**Task data:**

▬▬▬▬▬▬▬▬▬▬

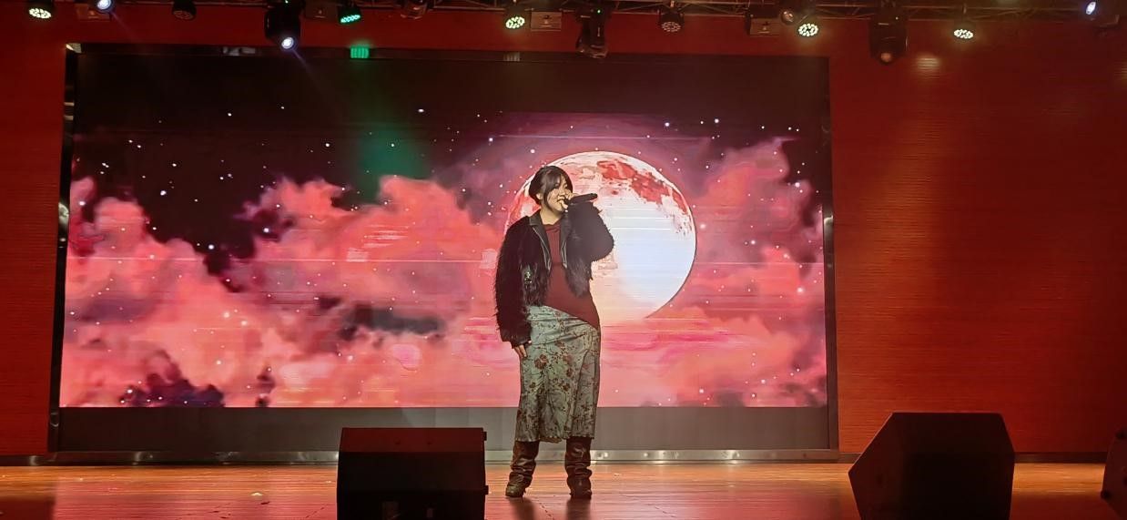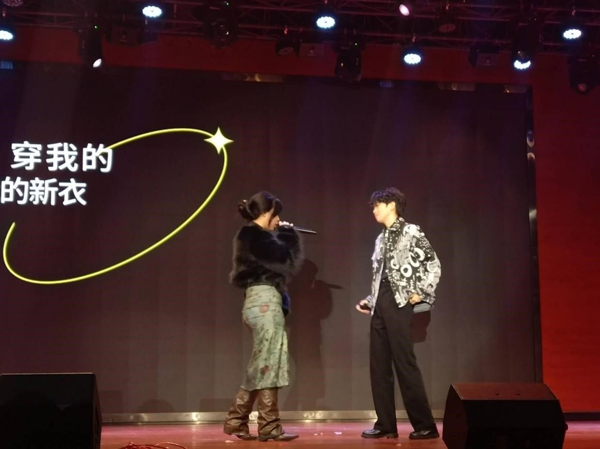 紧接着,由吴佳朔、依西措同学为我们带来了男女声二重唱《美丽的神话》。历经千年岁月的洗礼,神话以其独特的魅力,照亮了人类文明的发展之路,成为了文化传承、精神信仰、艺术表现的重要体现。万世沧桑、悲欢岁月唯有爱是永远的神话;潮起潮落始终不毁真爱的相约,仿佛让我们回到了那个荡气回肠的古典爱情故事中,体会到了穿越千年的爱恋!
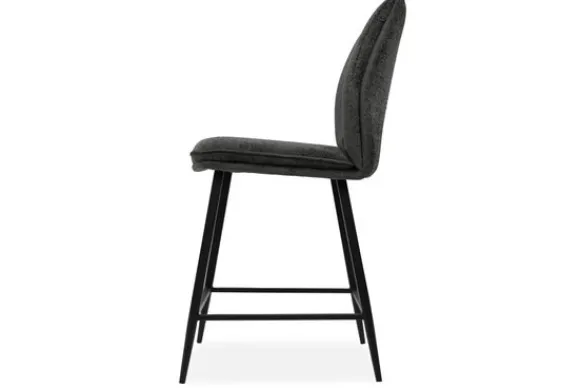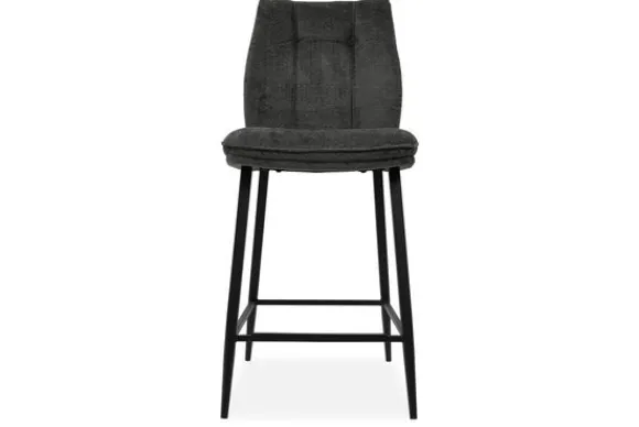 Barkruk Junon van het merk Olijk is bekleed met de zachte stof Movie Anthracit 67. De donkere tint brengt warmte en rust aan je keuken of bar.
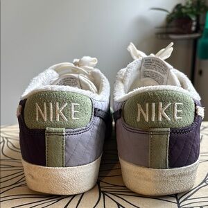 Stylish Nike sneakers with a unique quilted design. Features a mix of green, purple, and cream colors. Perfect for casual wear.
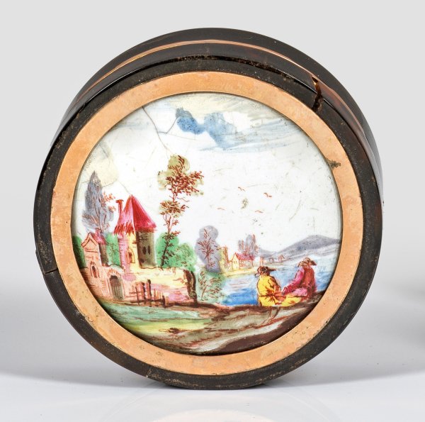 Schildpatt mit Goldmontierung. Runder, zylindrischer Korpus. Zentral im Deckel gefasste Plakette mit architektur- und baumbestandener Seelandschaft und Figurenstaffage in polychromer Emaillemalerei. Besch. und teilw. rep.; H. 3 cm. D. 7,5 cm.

▬▬▬▬▬▬▬▬▬▬

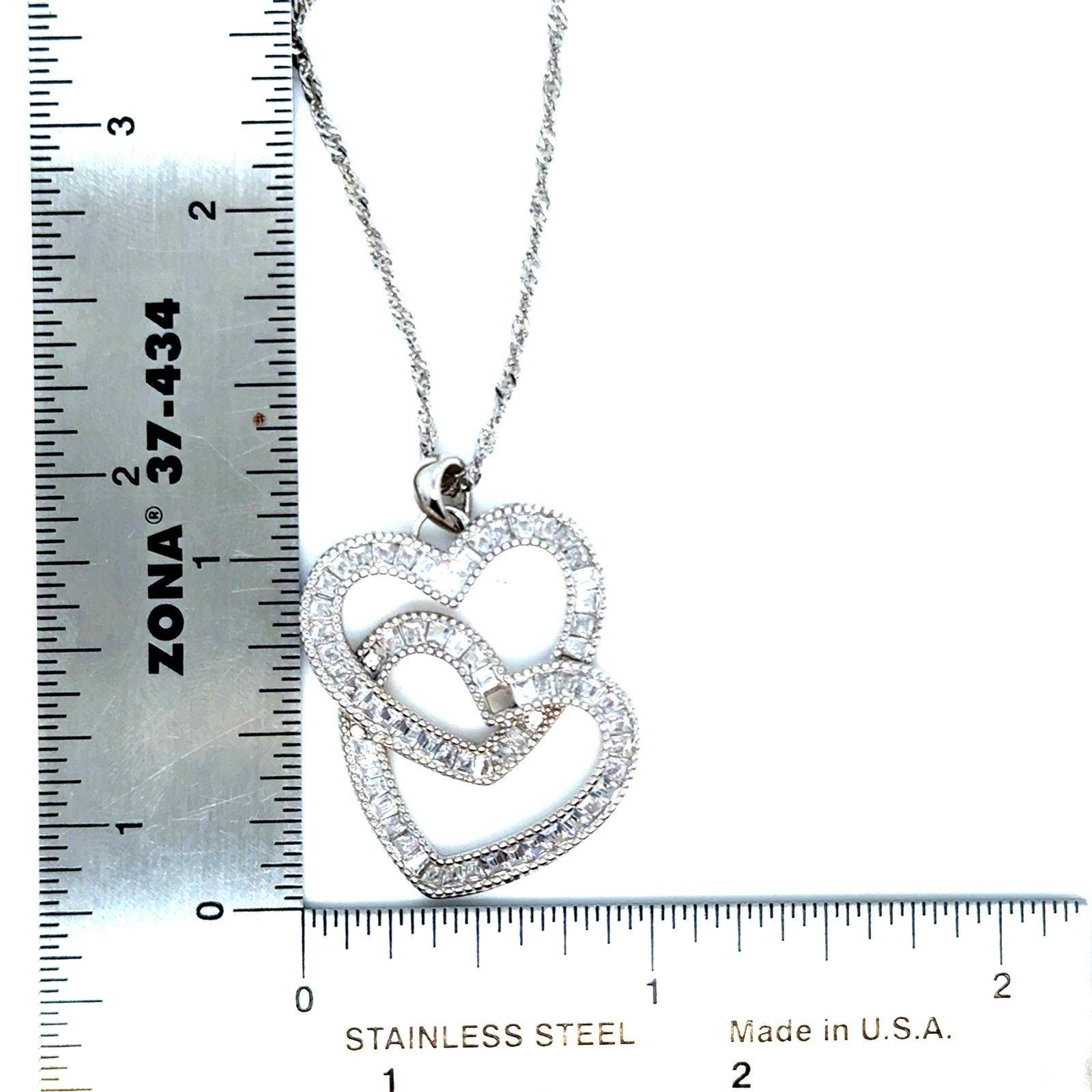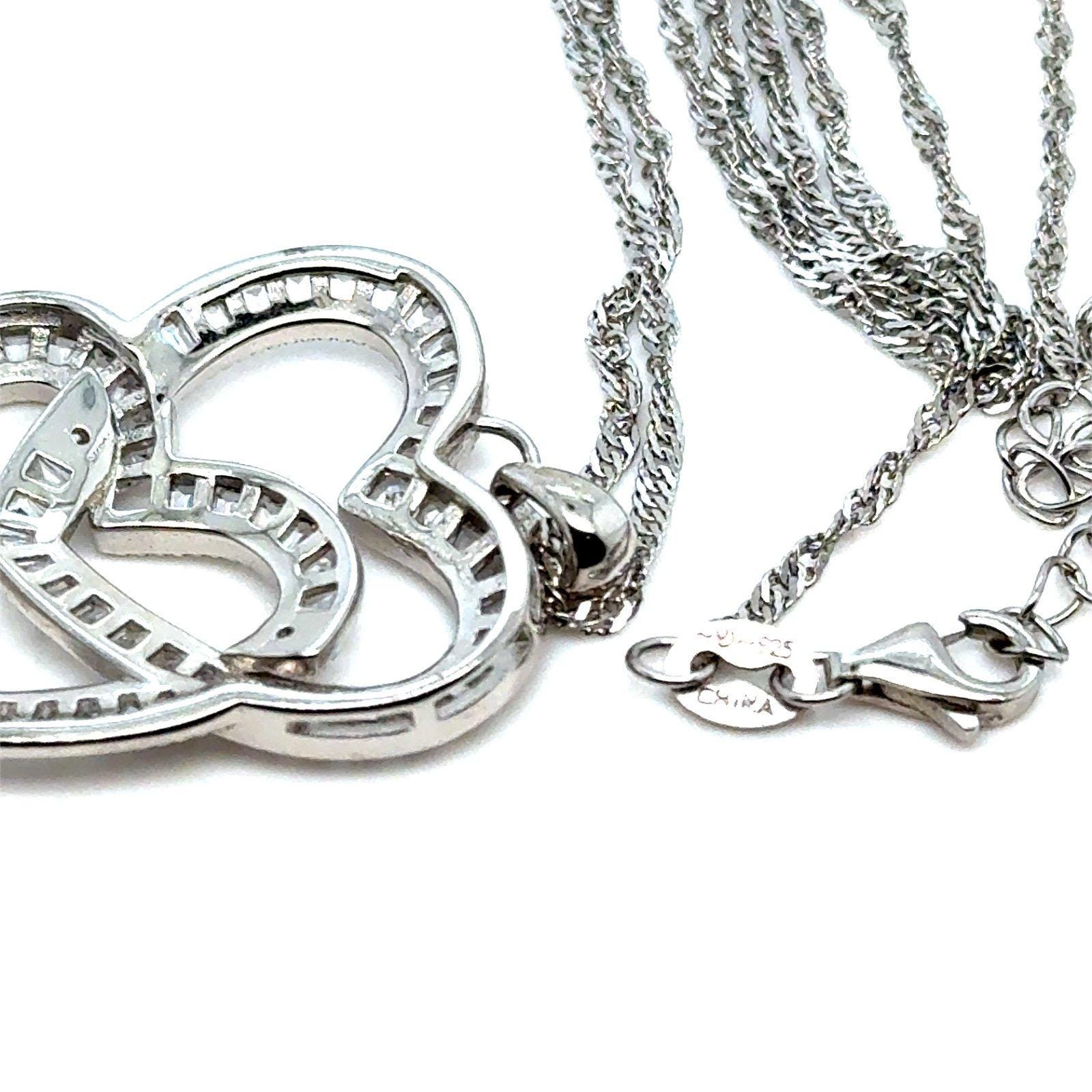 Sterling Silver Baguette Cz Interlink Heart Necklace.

▬▬▬▬▬▬▬▬▬▬

**Task instructions:**
Start with the line with "Stylish Nike sneakers" in the listing above and stop after the line with "Schildpatt mit Goldmontierung.". Write out exactly the lines in that stretch and no others, without pictures.

**Task response:**
 Stylish Nike sneakers with a unique quilted design. Features a mix of green, purple, and cream colors. Perfect for casual wear.
 Schildpatt mit Goldmontierung. Runder, zylindrischer Korpus. Zentral im Deckel gefasste Plakette mit architektur- und baumbestandener Seelandschaft und Figurenstaffage in polychromer Emaillemalerei. Besch. und teilw. rep.; H. 3 cm. D. 7,5 cm.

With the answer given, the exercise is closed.